Лес. Тихий, темный, угрюмый. Обхватил со всех сторон, обнял мягкими лапами, сдавил горло — воздух плотный, тяжелый, как вода в заросшем пруду.
Почему так тихо? Где птицы, где ветер, где шелест, шорох и треск? Даже веточки под ногами не хрустят. Вспученные корни деревьев будто пытаются выдрать себя из земли, поймать глоток свежего воздуха — но не вырваться, не вздохнуть. Кроны уползают в неведомое, забрав с собой небо и свет.
Толстенные стволы, земля между ними — все заросло пышным, зловеще-зеленым мхом. Может в нем все дело? Захватил пространство, поглотил все живое, пожрал звуки, не оставил места ни травинке, ни хрусту ветки, ни птичьему писку — только пышная мякоть повсюду. Обломанные сучки на деревьях выглядывают из-под мохнатых зеленых наплывов как недобрые глаза из-под тяжелых век.
— Мертвое все… кроме мха, — пробормотала Саша.
— Он разрастается с каждым днем. — тихо ответил Савва, — И лучше тебе не трогать его.
Трогать? Б-р-р! Он как пушистая гусеница. На него даже смотреть на него неприятно. Лучше под ноги, на тропинку. Интересная какая тропинка… Корни деревьев вросли в нее, вплелись замысловатым узором, похожим на литеры из старинных книг. Саша поневоле замедлила шаг — ей померещилось нечаянно, что корни выписывают тайное послание, ей одной предназначенное, ей одной понятное. Глупо! Но она вглядывалась, выворачивая шею, как сова — вдруг здесь про маму? Глупо и стыдно! Корням этим тысяча лет, не меньше!
Тоска навалилась внезапно, застала врасплох. Саша вдруг до боли ясно осознала, как далеко она от дома. Одна. Идет сквозь мрачный лес, неизвестно откуда, неизвестно куда. И рядом никого.
Савва… Что ему до Саши? Исчезни она сейчас, провались под землю — он пожмет плечами и пойдет играть на флейте этой своей. Цинцинолле.
Клара, Бэлла… они к ней добры, но лишь потому, что нуждаются в ней. Им безразлично — найдет она маму или нет. Она проходит этот квест одна. Сама. И лес этот, тихий и душный, как меховой воротник — еще один уровень. И сколько их впереди?
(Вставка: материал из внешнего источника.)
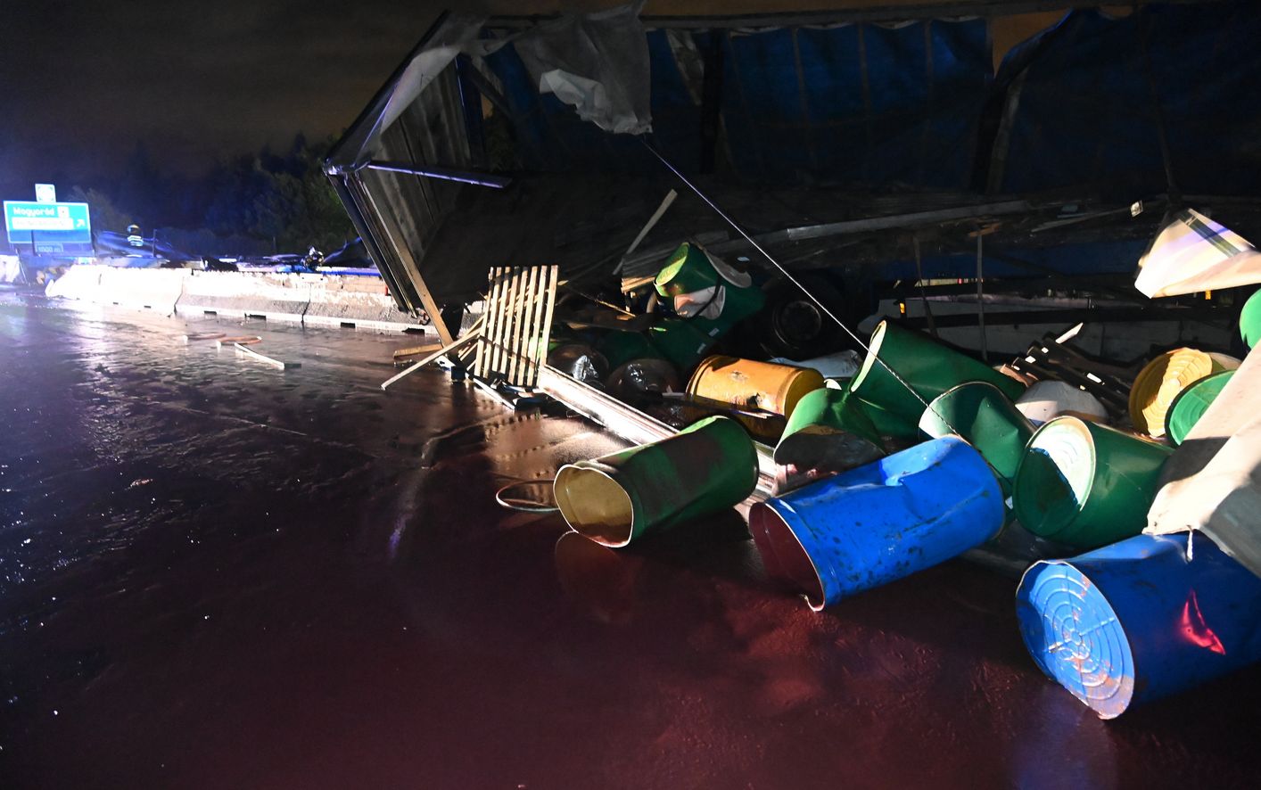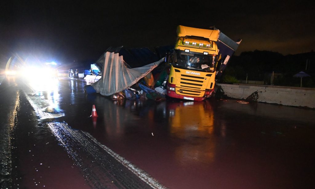 Am Morgen ist ein LKW mit einer Ladung Kirschsaft auf der M3 bei Mogyoród umgekippt. Bei dem Unfall ist der Anhänger auf der Seite liegengeblieben und die Ladung mit Kirschsaft hat sich über die gesamte Fahrbahn verteilt. Die Feuerwehr musste die Fahrbahn reinigen und den LKW samt beschädigter Kirschsaftbehälter bergen. Die Autobahn war mehrere Stunden gesperrt. Der LKW-Fahrer wurde verletzt ins Krankenhaus gebracht.

Трудно дышать… Кажется, мягкая зеленая лапа давит прямо на сердце. Хочется разорвать воротник… А может лучше убежать? Рвануть через лес, без дороги, чтобы ветки хлестали, трещали под ногами сучья, чтобы всколыхнулось это болото! Но тропинка не отпускает, не сойти с нее. Все внутри оцепенело, мысли в голове мхом обросли. Рукой не двинуть, головы не повернуть… Только ноги шагают — раз…два… Зачем? Куда? Зачем вообще кто-то куда-то идет? Сил нет. Плохо спала сегодня, может прилечь ненадолго? Вон подходящая ямка, зеленая, мягкая… Ветки вниз опустились, с них свисает мох… Какая уютная комнатка! Была у меня когда-то подушечка из зеленого бархата… Я все равно не найду маму. Она спит в такой же зеленой комнатке, и я усну, может во сне ее увижу… Надо сказать Савве, чтоб через часик за мной вернулся… Язык почему-то не слушается и голоса нет. Ау, голос… Это все лапа… Мягкая, давит…
Что это с Саввой? Зачем он трясет меня, спать же мешает! Почему у него глаза испуганные? Где я? Что со мной?
— Проснись! Саша, не спи! — Савва тряс ее за плечи.
— Я… я не сплю… Ты что делаешь? — Она сбросила Саввины руки, встряхнула головой, потерла лицо, разгоняя сонную одурь. — Я просто задумалась!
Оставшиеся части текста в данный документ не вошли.